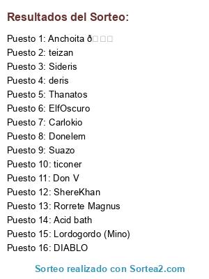 Lista de participantes: Anchoita 🐟, teizan, ticoner, Donelem, ElfOscuro, Rorrete Magnus, Don V, ShereKhan, Thanatod, Suazo, Lordogordo (Mino), Carlokio, Acid bath, deris, DIABLO, Sideris.
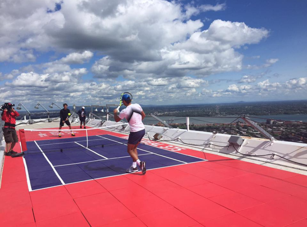 L’Espagnol Rafael Nadal et l’Autrichien Dominic Thiem ont profité de la journée de dimanche pour se préparer en vue de leurs matchs de premier de la Coupe Rogers. Par contre, ils n’ont pas choisi le terrain le plus traditionnel pour le faire, alors qu’il ont joué un match de mini-tennis au sommet de la tour du Stade olympique.
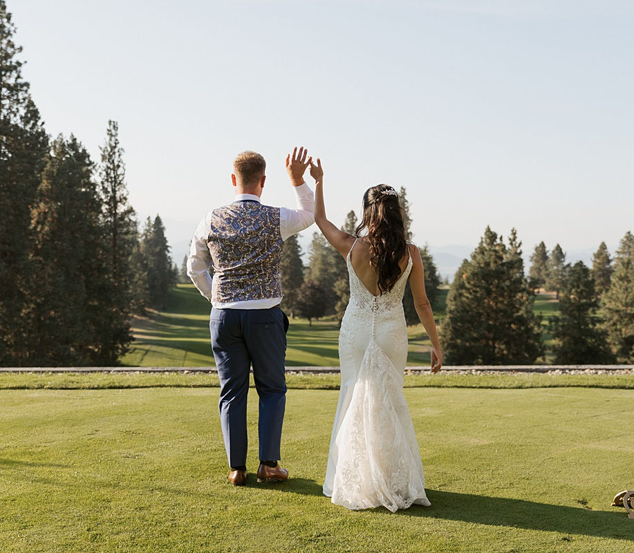 Alexandra and Mitchell couldn’t have chosen a more beautiful day for their outdoor Kelowna wedding! They exchanged vows under a white arch draped in colorful florals by Tangerine Orchid with a scenic view of the grove of Ponderosa pines behind them & blue skies above them. Every shot—from the lush outdoor ceremony to the heartfelt toasts inside the reception hall—tells a story of a day filled with joy and connection. Even down to the bridal portraits on the golf course, a nod to Mitch’s love for the sport, had meaning. (A little note to future brides considering Gallagher’s Canyon: look into alternative locations for portraits as there's not a lot of space for extra portraits at the golf course.)
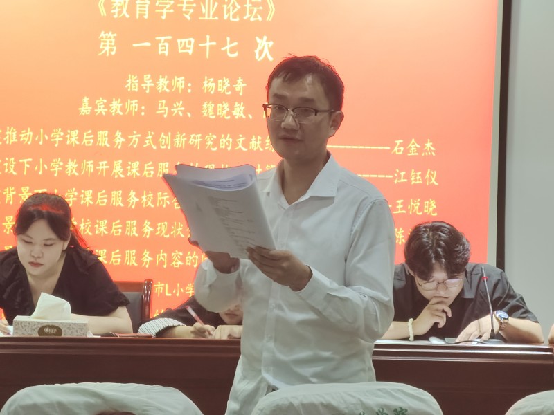 第四位汇报人陈海龙根据《“双减”背景下小学学校课后服务现状分析与改进策略》这一主题,借助问卷法和访谈法,探究小学学校课后服务现实状况,并从实施理念、实施机制和评价系统三个方面归纳小学课后服务现存问题并提供改进策略。第五位汇报人王琪森以《“双减”背景下乡村小学课后服务内容的问题与对策研究——以A省F市L小学为例》为题,以一所乡村小学为调查对象,分析乡村小学课后服务存在问题及产生原因,并提出针对性的解决对策。第六位汇报人王甜甜围绕《“双减”政策背景下小学课后服务的城乡差异比较研究》的主题进行汇报,综合运用问卷法、访谈法以及观察法调查两所城乡小学课后服务开展现状,并进一步分析城乡差异产生的原因,提出相应改进措施。
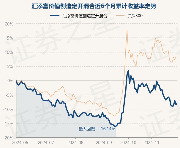 证券之星消息,11月29日,汇添富价值创造定开混合最新单位净值为1.2621元,累计净值为1.2621元,较前一交易日上涨0.6%。历史数据显示该基金近1个月下跌5.74%,近3个月上涨5.17%,近6个月下跌7.96%,近1年下跌8.13%。该基金近6个月的累计收益率走势如下图:
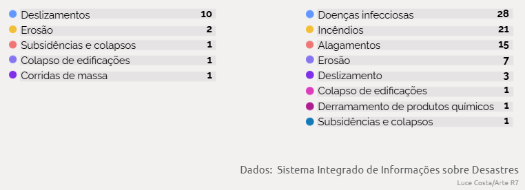 Durante o período, os desastres resultaram em 3.464 mortes e causaram prejuízos superiores a R$ 151 bilhões, sem considerar os impactos do desastre ocorrido no estado do Rio Grande do Sul em 2024. Neste último caso, as enchentes afetaram mais de 96% do estado e mataram ao menos 180 pessoas.
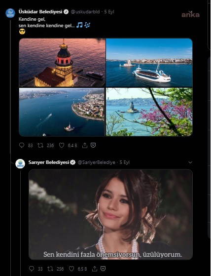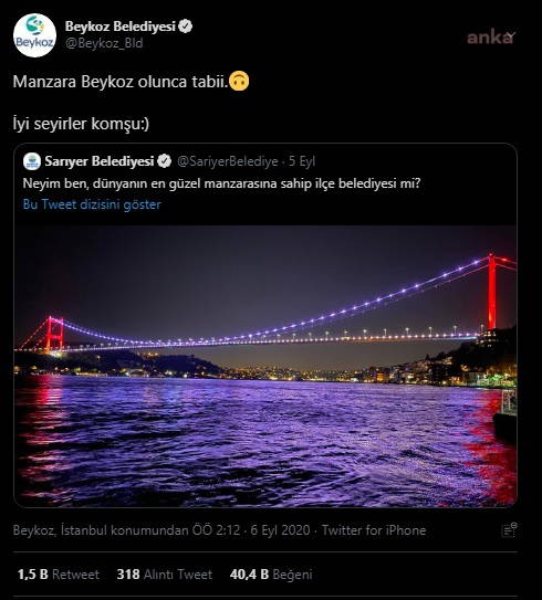 CHP'li Sarıyer Belediyesi akşam saatlerinde boğaz manzaralı bir fotoğraf paylaşarak altına “Neyim ben, dünyanın en güzel manzarasına sahip ilçe belediyesi mi?” paylaşımına, AKP’li Beykoz Belediyesi “Manzara Beykoz olunca tabii. İyi seyirler komşu:)" yanıtını verdi.

───

Your goal: Quote, exactly and only, the lines from the first line of the data above through the line containing "Durante o período, os". The pictures do not belong in it.

Response area:
 Lista de participantes: Anchoita 🐟, teizan, ticoner, Donelem, ElfOscuro, Rorrete Magnus, Don V, ShereKhan, Thanatod, Suazo, Lordogordo (Mino), Carlokio, Acid bath, deris, DIABLO, Sideris.
 L’Espagnol Rafael Nadal et l’Autrichien Dominic Thiem ont profité de la journée de dimanche pour se préparer en vue de leurs matchs de premier de la Coupe Rogers. Par contre, ils n’ont pas choisi le terrain le plus traditionnel pour le faire, alors qu’il ont joué un match de mini-tennis au sommet de la tour du Stade olympique.
 Alexandra and Mitchell couldn’t have chosen a more beautiful day for their outdoor Kelowna wedding! They exchanged vows under a white arch draped in colorful florals by Tangerine Orchid with a scenic view of the grove of Ponderosa pines behind them & blue skies above them. Every shot—from the lush outdoor ceremony to the heartfelt toasts inside the reception hall—tells a story of a day filled with joy and connection. Even down to the bridal portraits on the golf course, a nod to Mitch’s love for the sport, had meaning. (A little note to future brides considering Gallagher’s Canyon: look into alternative locations for portraits as there's not a lot of space for extra portraits at the golf course.)
 第四位汇报人陈海龙根据《“双减”背景下小学学校课后服务现状分析与改进策略》这一主题,借助问卷法和访谈法,探究小学学校课后服务现实状况,并从实施理念、实施机制和评价系统三个方面归纳小学课后服务现存问题并提供改进策略。第五位汇报人王琪森以《“双减”背景下乡村小学课后服务内容的问题与对策研究——以A省F市L小学为例》为题,以一所乡村小学为调查对象,分析乡村小学课后服务存在问题及产生原因,并提出针对性的解决对策。第六位汇报人王甜甜围绕《“双减”政策背景下小学课后服务的城乡差异比较研究》的主题进行汇报,综合运用问卷法、访谈法以及观察法调查两所城乡小学课后服务开展现状,并进一步分析城乡差异产生的原因,提出相应改进措施。
 证券之星消息,11月29日,汇添富价值创造定开混合最新单位净值为1.2621元,累计净值为1.2621元,较前一交易日上涨0.6%。历史数据显示该基金近1个月下跌5.74%,近3个月上涨5.17%,近6个月下跌7.96%,近1年下跌8.13%。该基金近6个月的累计收益率走势如下图:
 Durante o período, os desastres resultaram em 3.464 mortes e causaram prejuízos superiores a R$ 151 bilhões, sem considerar os impactos do desastre ocorrido no estado do Rio Grande do Sul em 2024. Neste último caso, as enchentes afetaram mais de 96% do estado e mataram ao menos 180 pessoas.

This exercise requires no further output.